Silvennoinen-Kassinen S, Karttunen R, Tiilikainen A, Huttunen K
Nephron. 1987;46(3):243-6. doi: 10.1159/000184362.
We studied the effect of an immuno-stimulating agent, isoprinosine, which is being marketed as an antiviral drug, on some immune functions in vitro in 14 uremic patients treated by hemodialysis and in 10 healthy controls. PHA and PPD induced stimulations of DNA synthesis and interleukin-2 (Il-2) production and NK cell activity were measured from peripheral blood mononuclear cells cultured with and without isoprinosine. PHA responses were enhanced by isoprinosine (100 micrograms/ml) both in the patient group (p less than 0.001) and in the control group (p less than 0.05) but PPD responses in neither. The enhancement of PHA responses was not due to an increased production of Il-2(T-cell growth factor). Isoprinosine augmented NK activity in those patients whose NK activity was initially low. No enhancement could be seen in the controls or in those patients whose NK activity was comparable to that of the controls. Our results motivate a clinical study with isoprinosine in uremic patients at the risk of virus infection.
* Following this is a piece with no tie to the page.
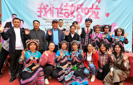 2025年11月30日,国家一级口岸的云南河口,云山叠嶂变通途,千层碧浪耀长空;鸡鸣破晓催朝露,龙腾鱼跃映彩虹;晨曦氤氲赶春早,条条路衢贵客到;人声鼎沸喧城啸,万里云端祥瑞绕。就连红河、南溪河对岸的越南,时空也都展现出一副别样的温情,时值早晨8时8分,随着对对唢呐的声声齐鸣,阵阵悦耳的啦啦曲响起,河口县布依族罗福安家民族民俗婚礼迎宾仪式正式开启。

我们研究了一种免疫刺激剂异丙肌苷(现作为抗病毒药物销售)对14例接受血液透析治疗的尿毒症患者及10名健康对照者某些体外免疫功能的影响。通过在添加和不添加异丙肌苷的情况下培养外周血单个核细胞,测定了PHA和PPD诱导的DNA合成刺激、白细胞介素-2(Il-2)产生及NK细胞活性。在患者组(p<0.001)和对照组(p<0.05)中,异丙肌苷(100微克/毫升)均增强了PHA反应,但对PPD反应均无增强作用。PHA反应的增强并非由于Il-2(T细胞生长因子)产生增加。异丙肌苷增强了那些NK活性最初较低的患者的NK活性。在对照组或NK活性与对照组相当的患者中未观察到增强作用。我们的结果促使开展一项针对有病毒感染风险的尿毒症患者使用异丙肌苷的临床研究。